Individual object writes are atomic on all supported backends:
  • B2 (Backblaze): Incomplete uploads are not visible. An object is only readable after the upload completes successfully.
  • S3 / S3-compatible: Same as B2 — objects become visible only after the upload completes.
  • SFTP: Put writes to a .tmp file and renames via PosixRename, which is atomic on most SFTP server implementations.
  • Local filesystem: Put writes to a .tmp file and renames atomically (os.Rename), which is atomic on POSIX systems.

Deduplication

Deduplication operates at two levels:

Chunk-Level Deduplication

Before writing a chunk, Exists("chunk/<hash>") is checked. If the chunk is already stored, the write is skipped. When encryption is enabled, the chunk hash is an HMAC-SHA256 keyed by a dedup key derived from the encryption key. This prevents the storage provider from confirming file contents by hashing known plaintext. When encryption is disabled, plain SHA-256 is used.

Content-Level Deduplication

Before streaming a file, Exists("content/<hash>") is checked using the source-provided content hash (e.g. Drive MD5 converted to SHA-256 via metadata comparison). If the content object exists, the entire file upload is skipped — only a new filemeta and possibly new HAMT nodes are written.
A “new” file with identical content to a previously backed-up file produces zero additional chunk/content bytes.
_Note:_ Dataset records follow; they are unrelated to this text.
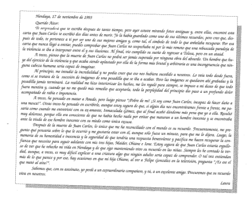 Laura no quiso dejar el nombre de Juan Carlos ni la flor que le correspondía por temor a que, luego, fuera pisoteada por los amigos de ETA.
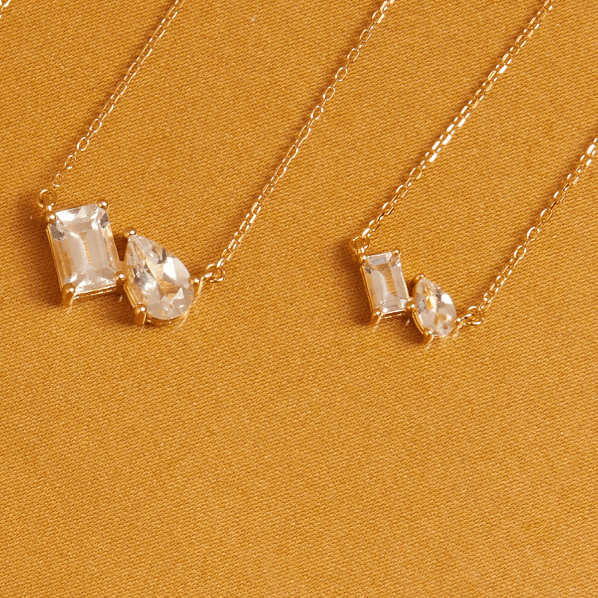 Crafted in gold vermeil with a 5x3mm pear-cut gemstone (0.29ct) and a 5x3mm emerald-cut gemstone (0.29ct). Pendant size: 7mm x 10mm. Thickness: 4.4mm. Chain: 18' with jump ring at 15.5'. Weight: 3.5g. Includes both lab-grown and natural gemstones.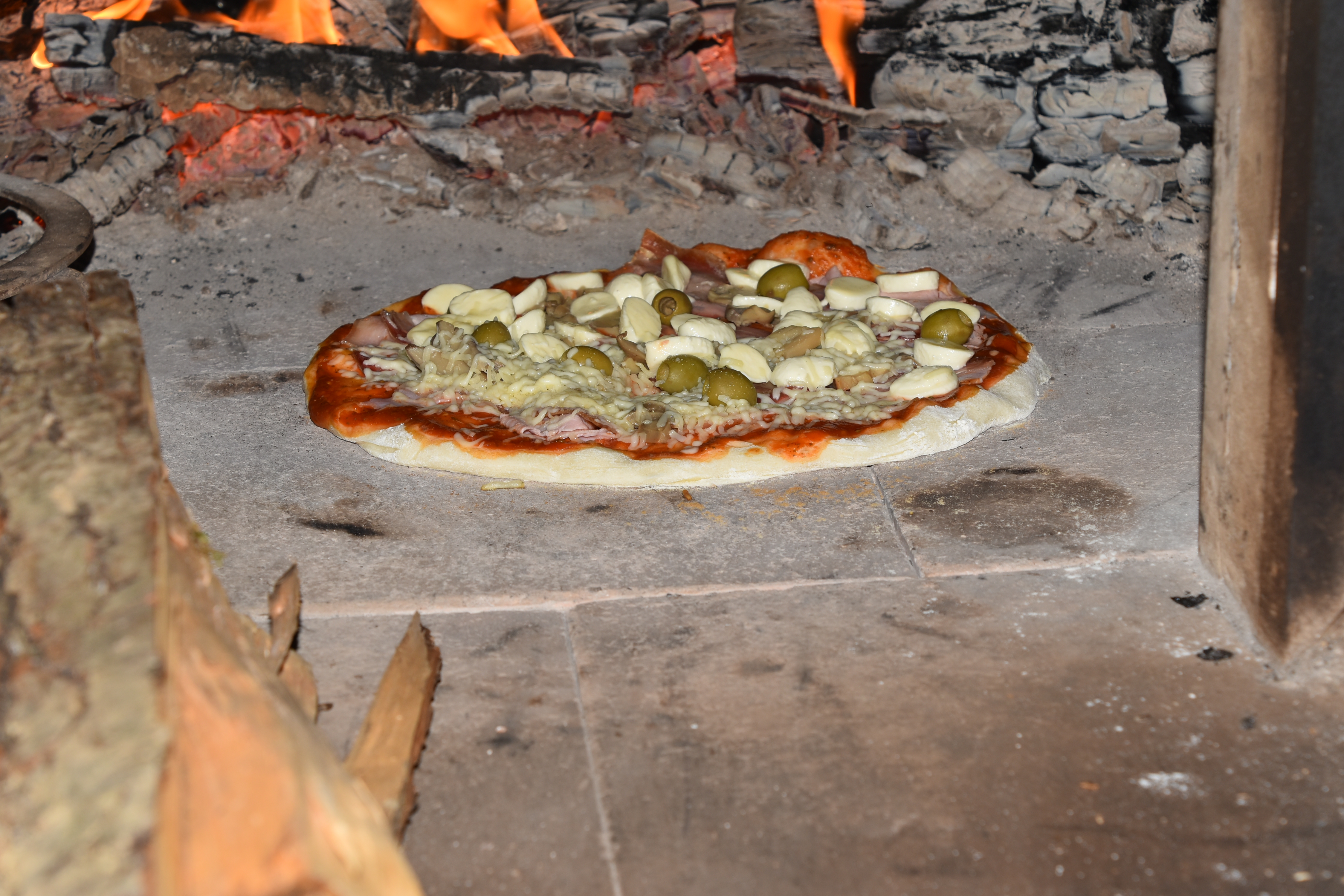 8. Pecite na najvišji temperaturi. Pečico razgrejte na najvišjo možno temperaturo ( pri moji je to 280 stopinj ) in jo pecite dokler ne začne skorja rjaveti, kar se bo zgodilo najkasneje v desetih minutah. Zaradi visoke temperature se pica ne bo izsušila. Moj brat pa je pri pripravi pice velik zagovornik svinjske masti. Pravi, da je testo najboljše zapečeno in nič izsušeno, če olje nadomesti s svinjsko mastjo. Če imate krušno peč, za peko zadostuje 2 do 3 minute. Pico pecite direktno na tleh peči, na mestu, kjer ste pred tem imeli žerjavico. Tako zagotovite, da je podlaga dovolj vroča in se testo tudi spodaj dovolj zapeče.

Packfiles: Small Object Aggregation

To avoid issuing hundreds of thousands of S3 PUT and GET requests for tiny metadata objects, the storage layer implements a PackStore:
  • All small objects (< 512KB) like filemeta/, node/, and small content/ objects are buffered in memory and flushed as aggregated 8MB packs/<hash> files.
  • The index/packs catalog is then updated to record the exact byte offset and length of each logical object within its packfile.
  • When reading, the entire 8MB packfile is fetched and cached in an LRU, meaning thousands of subsequent metadata reads take 0 network requests.
  • Uses a bbolt-backed catalog for fast lookups.

Garbage Collection

The prune command performs a mark-and-sweep garbage collection to reclaim space from orphaned objects:

Mark Phase

Walk every snapshot/* key, then follow the chain:
snapshot → HAMT nodes → filemeta → content → chunks
Collect all reachable keys into a set.

Sweep Phase

List all keys under each object prefix (chunk/, content/, filemeta/, node/, snapshot/) and delete any key not in the reachable set. Objects inside packfiles are removed from the pack catalog.

Repack Phase

When packfiles are enabled, fragmented packs (more than 30% wasted space from deleted objects) are repacked:
  1. Live objects are extracted from old packs
  2. Re-bundled into new 8MB packs
  3. Old packs are deleted
Running prune after an interrupted backup will delete all orphaned objects and restore the repository to a clean state. No data from completed snapshots is affected.

Edge Cases

Snapshot Written, Index Not Updated

If the interruption occurs between writing the snapshot and updating index/latest, the snapshot object exists under snapshot/ and is therefore reachable during prune’s mark phase. It will survive garbage collection as a valid, complete snapshot, even though it’s not currently referenced by index/latest.

Self-Healing Snapshot Catalog

The index/snapshots catalog contains lightweight summaries of all snapshots. If it becomes stale (due to an interrupted backup or external snapshot deletion), it self-heals via reconciliation with LIST snapshot/ on load.